Moreover, as to any civil action in which the defendant does not make an
appearance, “the court, before entering judgment for the plaintiff, shall require the
plaintiff to file with the court an affidavit” addressing the defendant’s military
status. 50 U.S.C. app. § 521(a), (b). Because the only defendant is a limited
liability company, it is neither a minor, an incompetent or a member of the armed
forces. E.g., Gibbs v. Parr Management, LLC, 2013 WL 2355048 at n.* (N.D.
Tex. 2013); AMEC Earth and Environmental, Inc. v. SolSource Energy Solutions,
LLC, 2012 WL 3757479 at *1 (D. Colo. 2012); Bay Area Painters and Tapers
Pension Trust Fund v. OP & Sons Construction, 2012 WL 2159372 at *4 (N.D.
Cal.), report and recommendation adopted, 2012 WL 2159359 (N.D. Cal. 2012);
American Seating Co. v. Simpson Interiors, LLC, 2009 WL 1510737 at *1 (W.D.
“While well-pleaded facts in the complaint are deemed admitted, plaintiffs’
allegations relating to the amount of damages are not admitted by virtue of default;
rather, the court must determine both the amount and the character of damages.”
Capitol Records v. Carmichael, 508 F. Supp. 2d 1079, 1084 n.4 (S.D. Ala. 2007);
see also Anheuser Busch, Inc. v. Philpot, 317 F.3d 1264, 1266 (11th Cir. 2003) (“A
court [on entering default judgment] has an obligation to assure that there is a
legitimate basis for any damage award it enters ....”); Adolph Coors Co. v.
Movement Against Racism and the Klan, 777 F.2d 1538, 1544 (11th Cir. 1985) (on
default judgment, “[d]amages may be awarded only if the record adequately
reflects the basis for award ....”); 10A Charles Alan Wright & Arthur R. Miller,
Federal Practice and Procedure § 2688 at 58-59 (3rd ed. 1998) (“If the court
determines that [the] defendant is in default, the factual allegations of the
complaint, except those relating to the amount of damages, will be taken as true.”).

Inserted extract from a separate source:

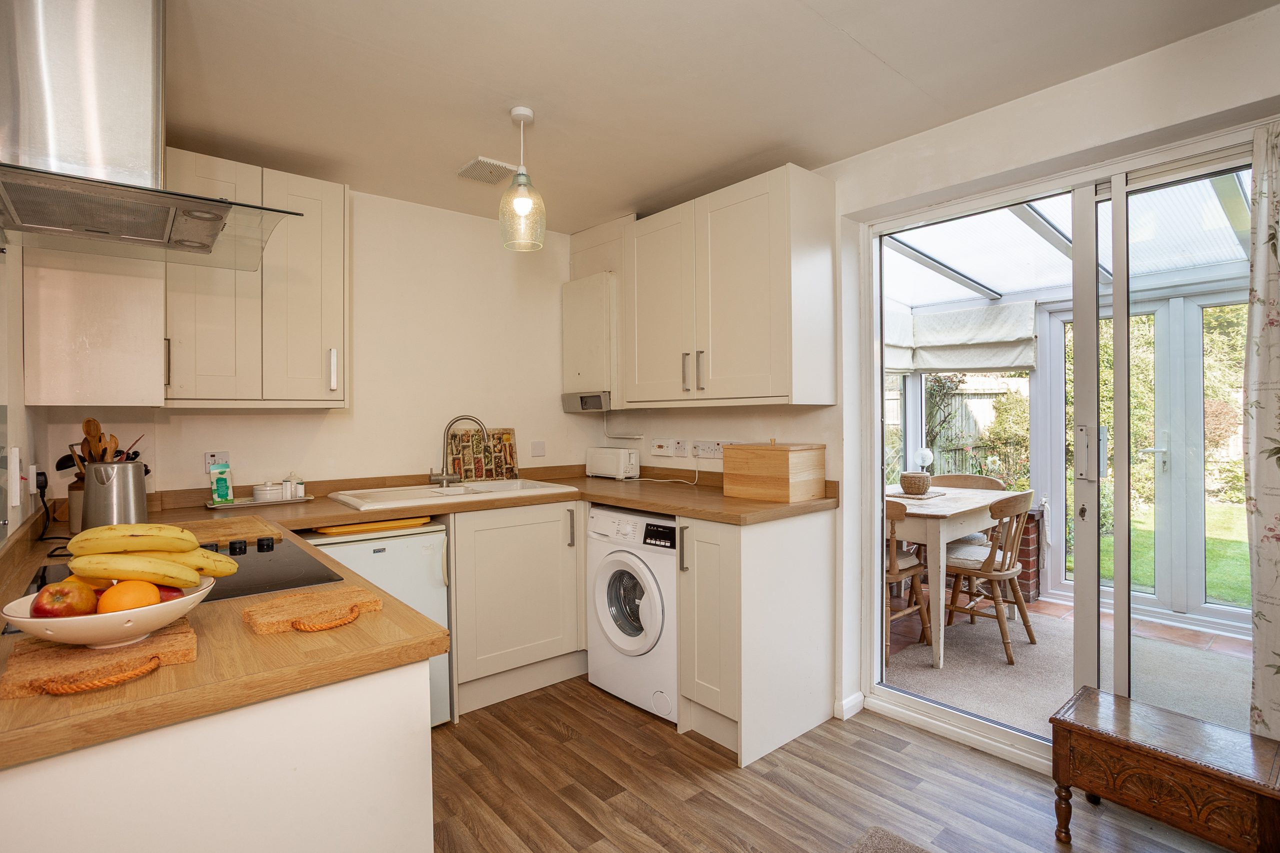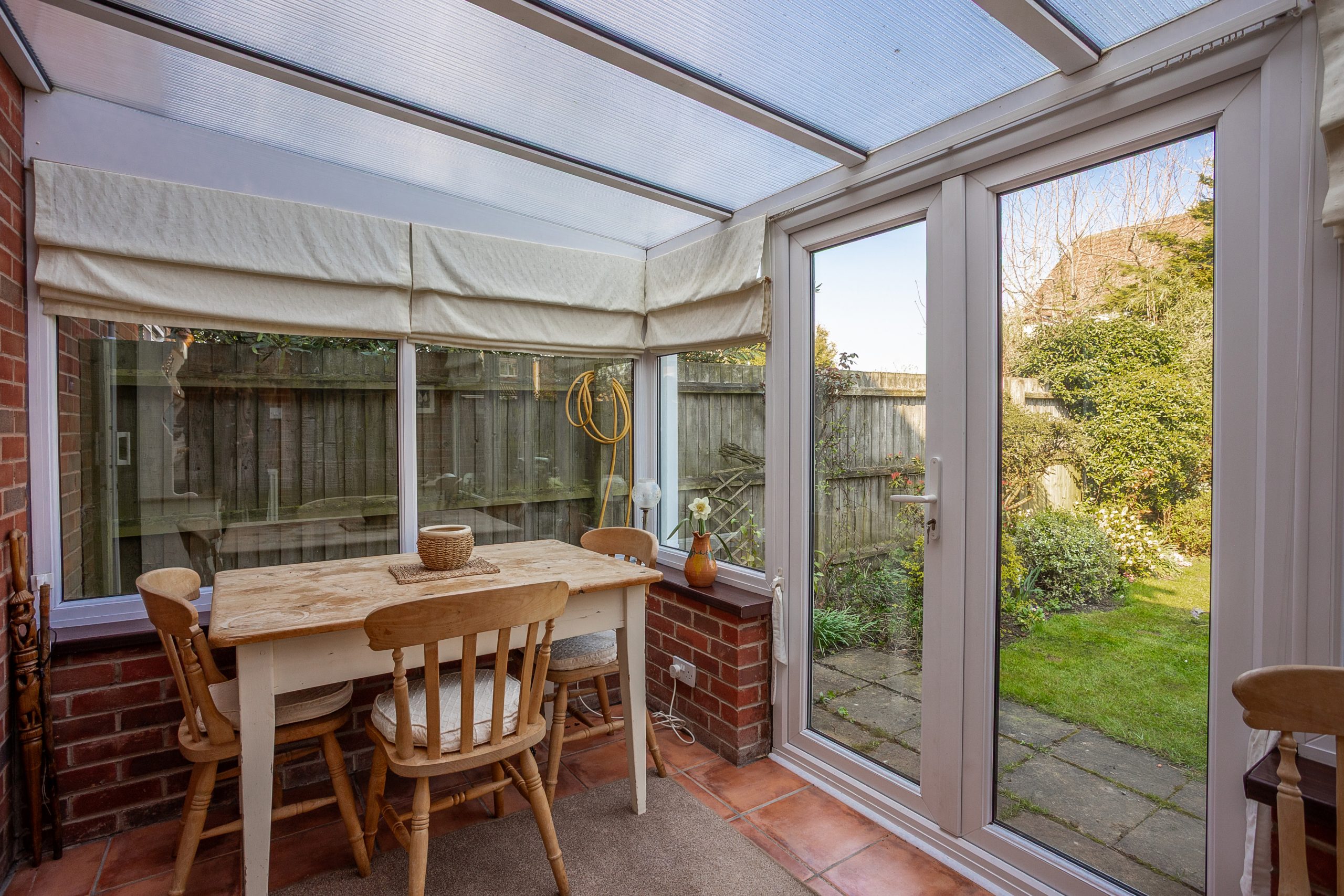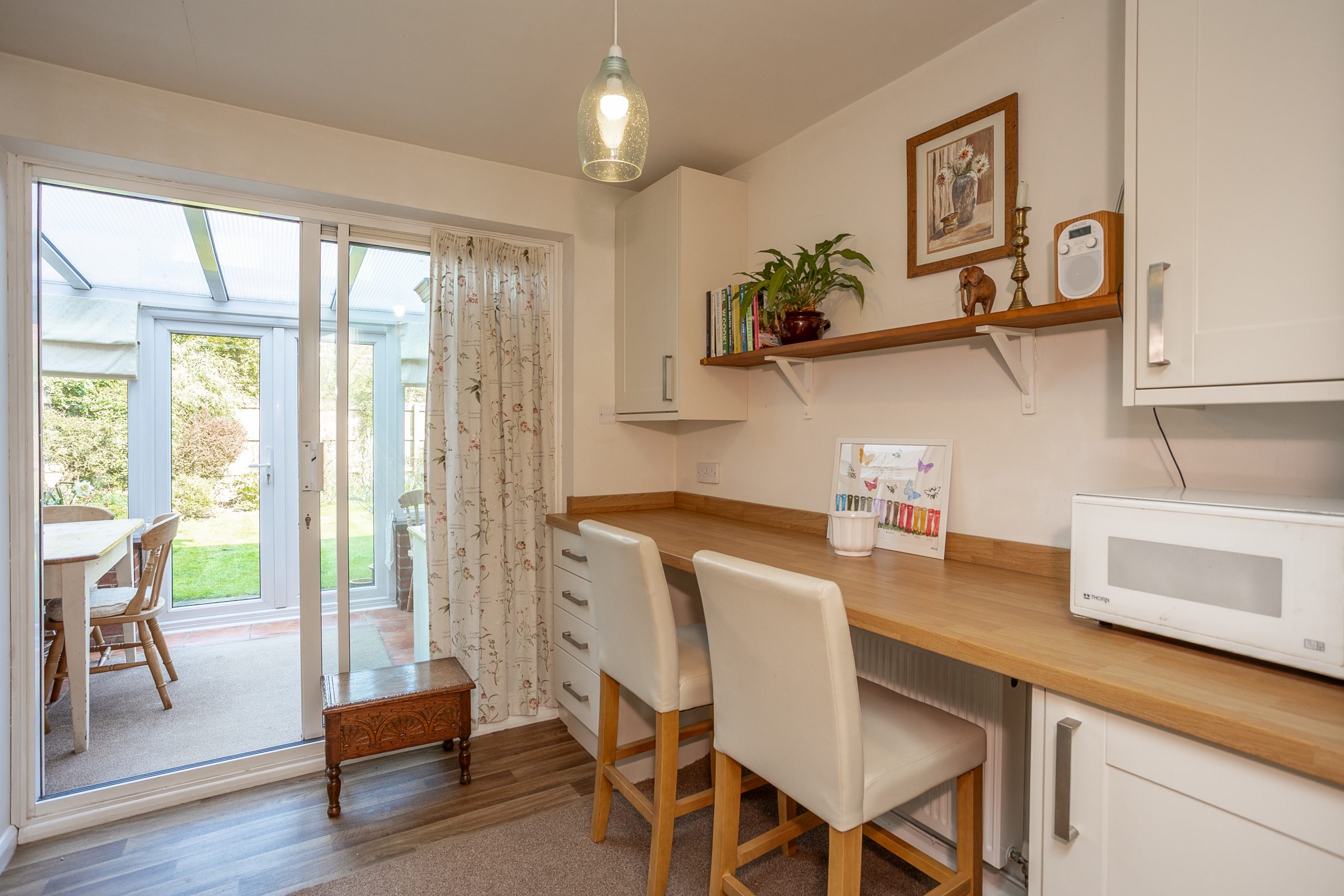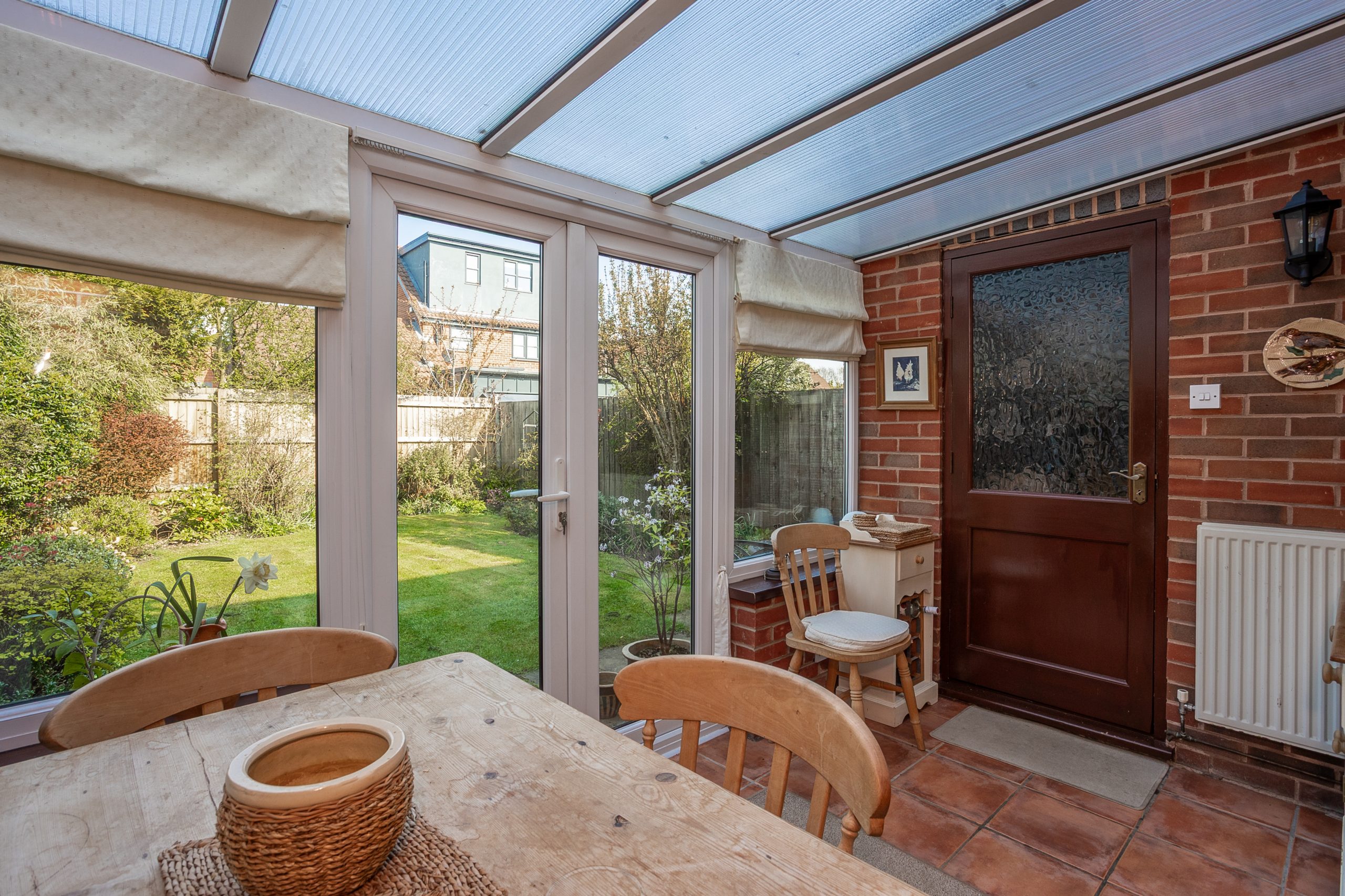 From the kitchen, a sliding door leads into the conservatory, which offers views of the rear garden and ample space for a dining table. Additionally, a door gives access to the single garage, and French doors open out to the garden.

Thus, the mere granting of default judgment does not establish the plaintiff’s
entitlement to any quantum of damages.
A hearing to establish damages is not universally required. None is needed
“where all essential evidence is already of record ..., such that any additional
evidence would be truly unnecessary to a fully informed determination of
damages.” Securities and Exchange Commission v. Smyth, 420 F.3d 1225, 1232
n.13 (11th Cir. 2005). Here, suit is brought on purchase orders and invoices, which
have been submitted along with the complaint, and the plaintiff does not request a
hearing. Accordingly, none will be held.
“A judgment by default shall not be different in kind from or exceed in
amount that prayed for in the demand for judgment.” Fed. R. Civ. P. 54(c). The
second amended complaint demands recovery in the amount of $123,521.03, plus
accrued interest, costs and attorney’s fees. (Doc. 11 at 4). The motion for default
judgment seeks judgment in the amount of $123,521.03. (Doc. 16 at 3). The
plaintiff’s requested default judgment thus does not violate Rule 54(c).
For the reasons set forth above, the plaintiff’s motion for default judgment
is granted. Judgment in the amount of $123,521.03 shall be entered by separate
DONE and ORDERED this 7th day of October, 2013.